# What's a "bad ride"?



## goneriding (Jun 6, 2011)

Lots and lots of consistant miles! Wear her out! Also, if you know someone with a calm/experienced trail horse, maybe you could ride with them on occasion. It sounds like she's just a little insecure and curious.


----------



## MHFoundation Quarters (Feb 23, 2011)

I would second getting someone with a seasoned horse to go along to set a confident example for her. I do that with all of the youngsters I get in for training, a good weekend following a been there, done that does wonders for them. 

Also, sounds like you are letting yourself get too stressed about it and that will absolutely rub off on her. Don't set your expectations too high at first. Set the bar lower to give her the chance to exceed them, if she doesn't look at it as opportunity to be her leader and help her get past the scary horse eating monsters out there. Try spending 15 minutes letting her get the sillies out and get her focus in a smaller area (arena\paddock, etc) before you hit the trail.
_Posted via Mobile Device_


----------



## AllThePrettyHorses (Dec 15, 2010)

So then, if she's being silly and spooky and what have you, then it's no big deal? She'll just...get over it the more we keep riding? She won't take any bad experiences away from it?

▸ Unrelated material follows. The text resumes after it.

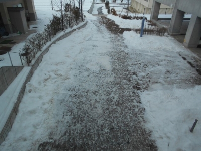 氷点下の割には解けていますが・・。 玄関に行くまでの道に雪が残っています。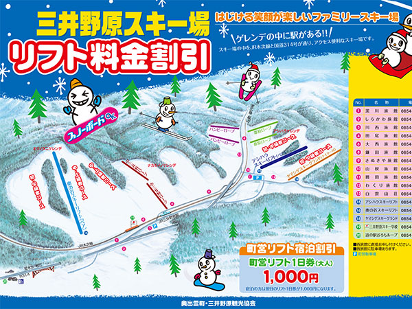 松江・出雲の市街地から1時間余りと行き易く、国道沿いのドライブイン三井野で駐車場・昼食・休憩・用具のレンタル対応。ソリや雪遊びにも最適です。

And of course I would ride her a bit before. When I start riding again, I'll spend a few days just going around the farm, getting the most of her energy worked out.

I was planning on taking her out with my older horse (ponying, maybe? Is that a good idea for a fresh and kinda green mare? Otherwise I'll get someone to ride with me), but I just wanted to ask: if we only go out with another horse, won't that teach her to rely on another horse for safety and comfort and not me? I'll go with the other horse at least once, just to get some positive rides in, but I dunno. Even after debating it for so long, I'm still unsure.


----------



## MyBoyPuck (Mar 27, 2009)

AllThePrettyHorses said:


> So then, if she's being silly and spooky and what have you, then it's no big deal? She'll just...get over it the more we keep riding? She won't take any bad experiences away from it?


She will only take away bad experiences if you let her off the hook "so to speak" while she's acting up. Say you're going down the path and she starts spooking at a tree stump. If you let her spook, spin around and go home, you've just trained her that the tree stump was to be feared and she it's okay for her to just react and leave. If you make her walk back and forth past the stump until she's walking calmly past it, you've just taught her to listen to you and to manage her own fears more effectively. 



> And of course I would ride her a bit before. When I start riding again, I'll spend a few days just going around the farm, getting the most of her energy worked out.


It can never hurt to get the initial energy out. Just do it in a productive manner. Do lots of leg yielding and circles to make sure she's listening to your legs. Practice a few one rein stops to make sure you're brakes are working and so she also knows you have your tools ready. 



> if we only go out with another horse, won't that teach her to rely on another horse for safety and comfort and not me? I'll go with the other horse at least once, just to get some positive rides in, but I dunno. Even after debating it for so long, I'm still unsure.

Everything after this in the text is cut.